Leading the Dance also focuses on having the dog on an umbilical leash (leashed to your waist, basically) at any time you are home with it, so that the dog goes where you want it to go. This is a very important part of the program, and if you weren't to do the rest of it, I would do this, and maybe the handling part (touching your dog calmly but firmly all over every day, taking it slow if she resists, and making it a positive experience). I would really recommend doing as much of the program as possible. Many many people have used it with success for issues exactly like what you are describing!

Other than reasserting your leadership, change the environment. I think you know this part. In order to help make your dog successful, make it so that your dog *can't* be destructive by simply removing the objects, or crating the dog, or closing it in a room. The more a dog does something, the more it is likely to do it again, so try to stop these bad choices from happening in the first place!
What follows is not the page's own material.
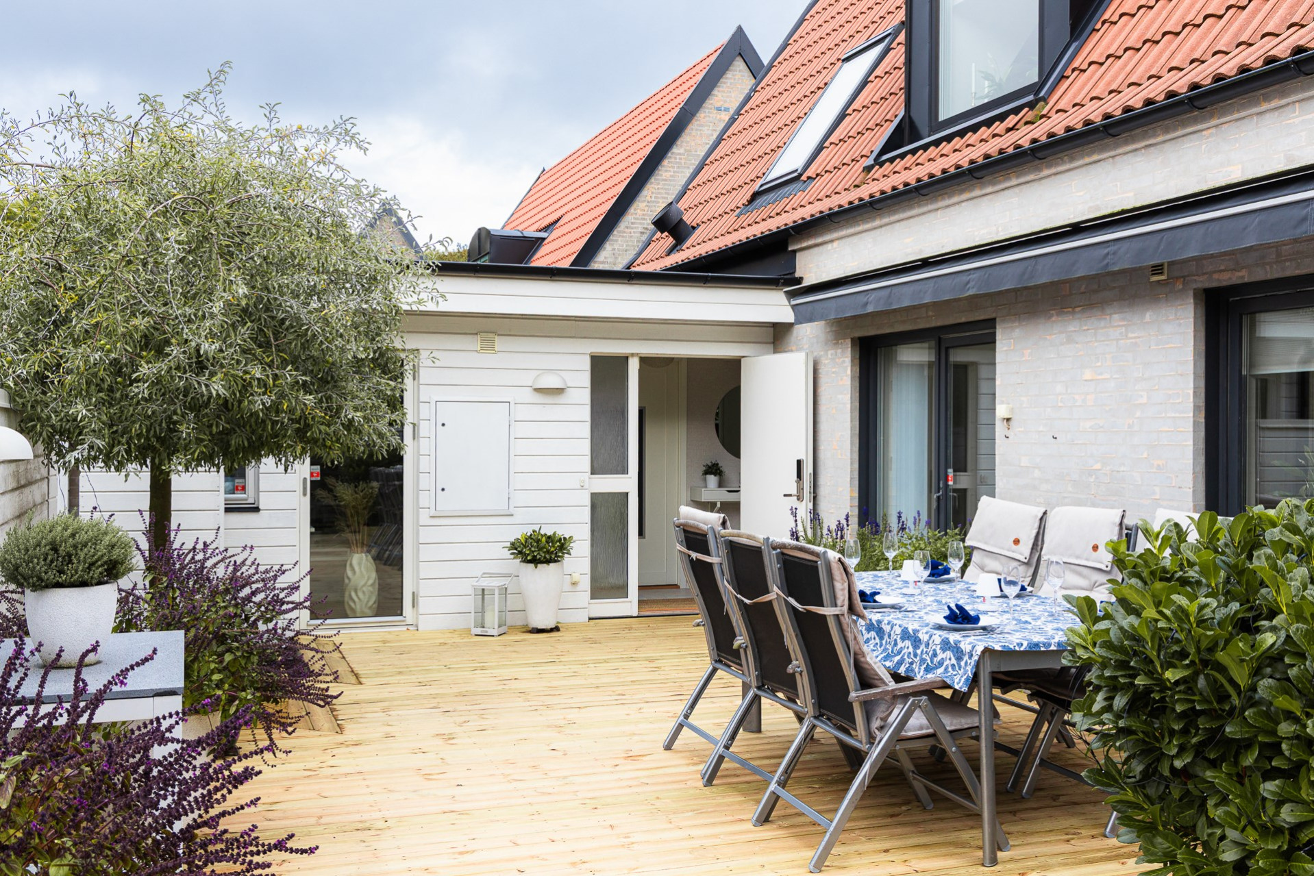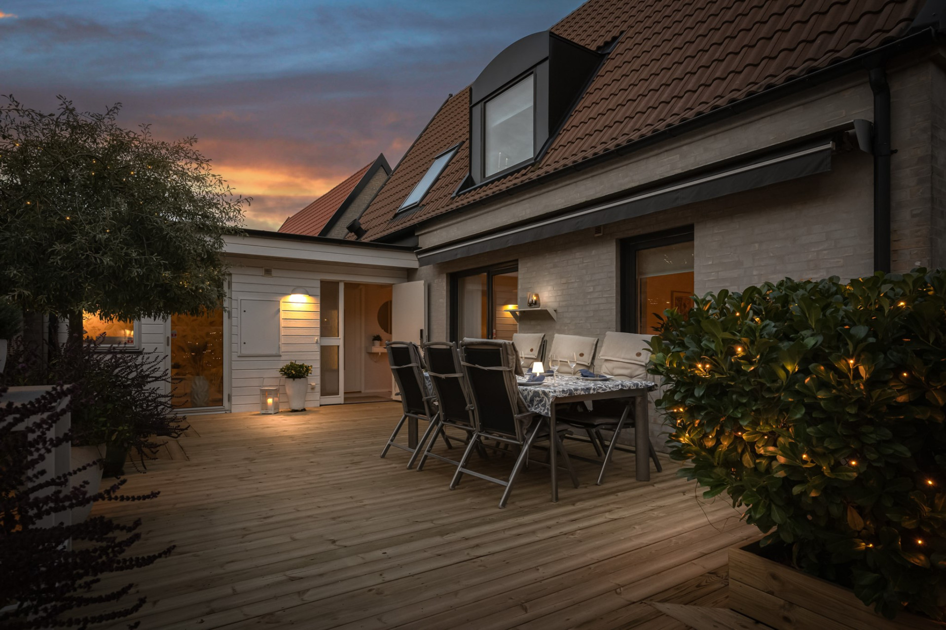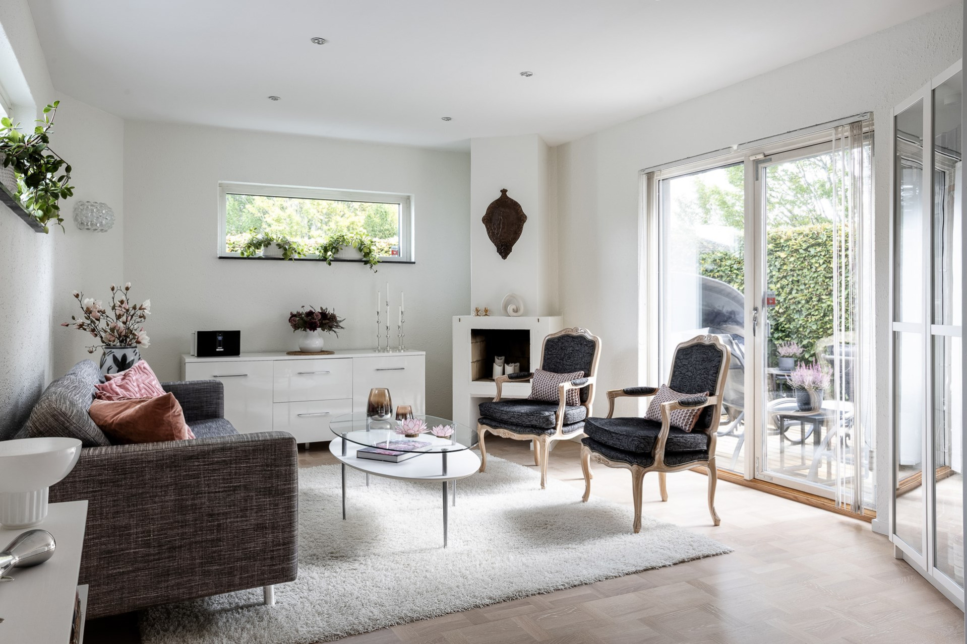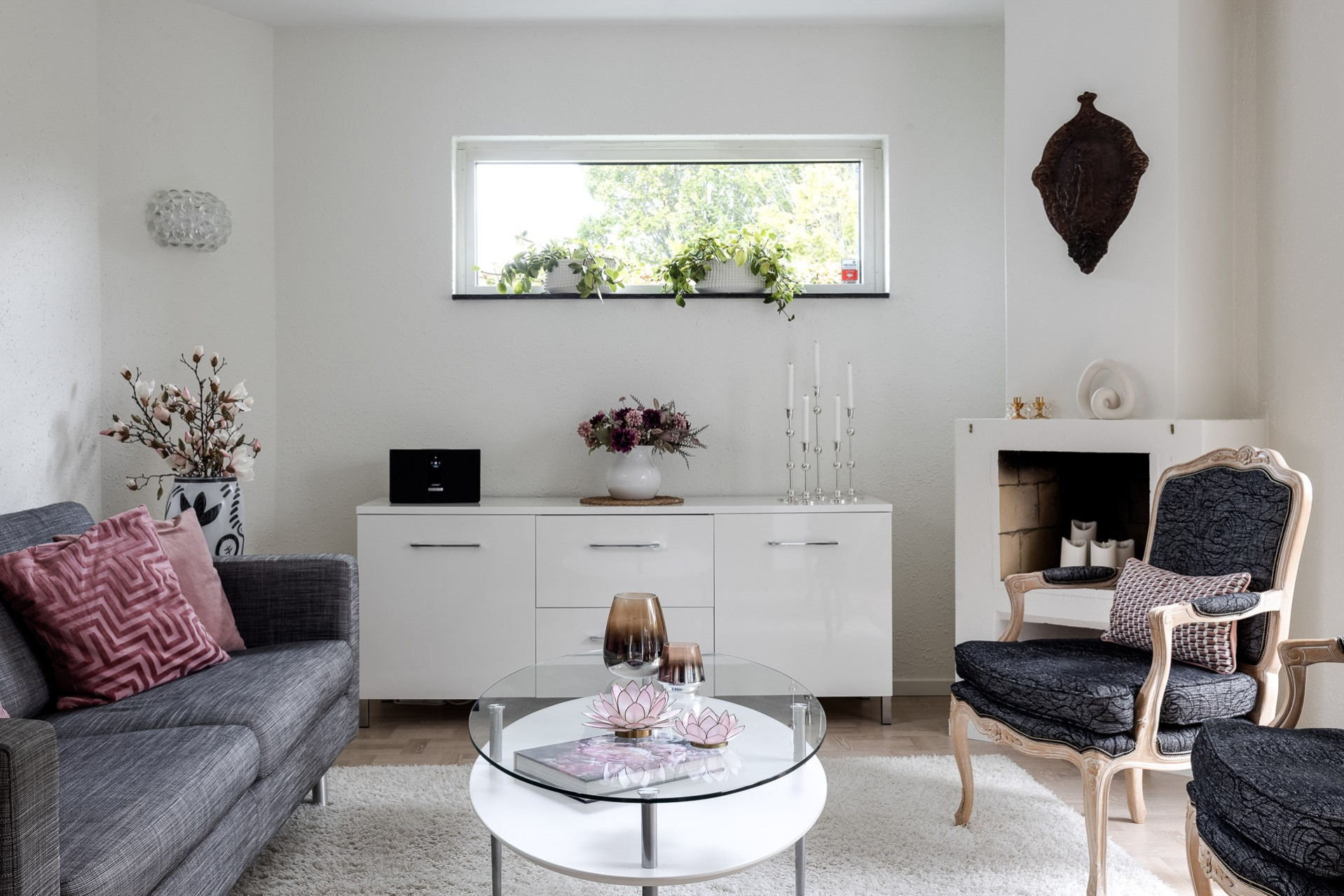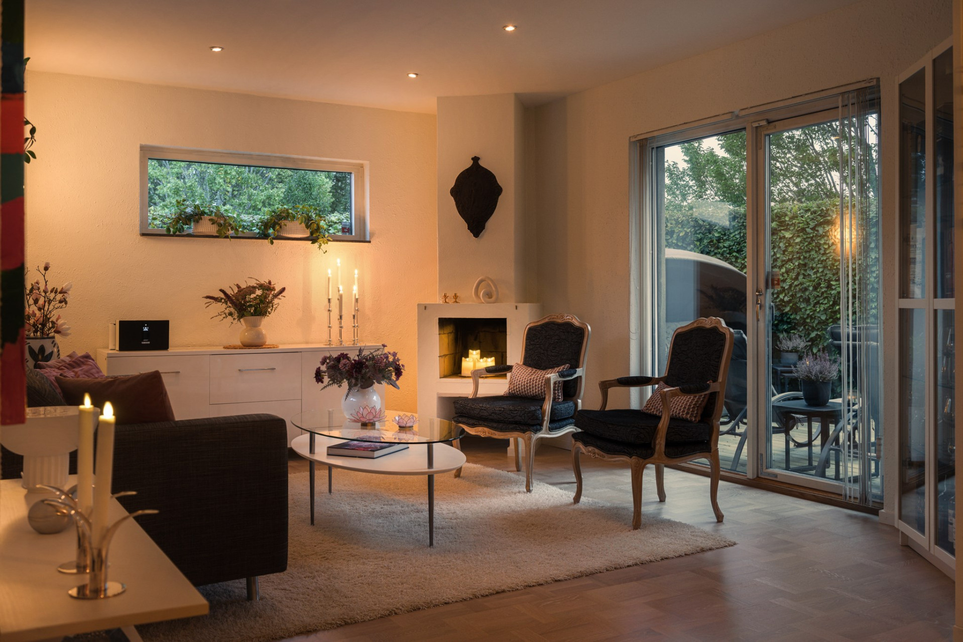 Tillbyggnaden som kom 2005 med vattenburen golvvärme är en otroligt charmig del av huset. Här slår man sig ner i lugn och ro efter middagen. Man tänder ljus i eldstaden (ej fungerande) och sätter på lite soft musik. En magisk plats med utgång till uteplatsen där morgonsolen kommer. Perfekt att gå ut den vägen för frukostintaget.

I probably wrote too much, but hope something in it is useful. Good luck!


----------



## OutWest (Oct 6, 2011)

tahill said:


> Help!! My Chloe is starting to act so bad. She never did anything like I am going to list before. First I am on my 4th Comcast remote. The first time was my fault I left it on the sofa. Second, Third time, remote was on the kitchen counter.
> 
> When I came home from work, she ate one of my books. Totally schreaded it into pieces.
> 
> ...


I agree with everyone that it largely her age. But you probably should consider strictly limiting what she can get to until she settles down. If she's not ready to be loose in the house, consider crating her or putting her in doggy daycare. I'm home all day but when I go out, Tucker goes into the crate (for up to 4 hours).


----------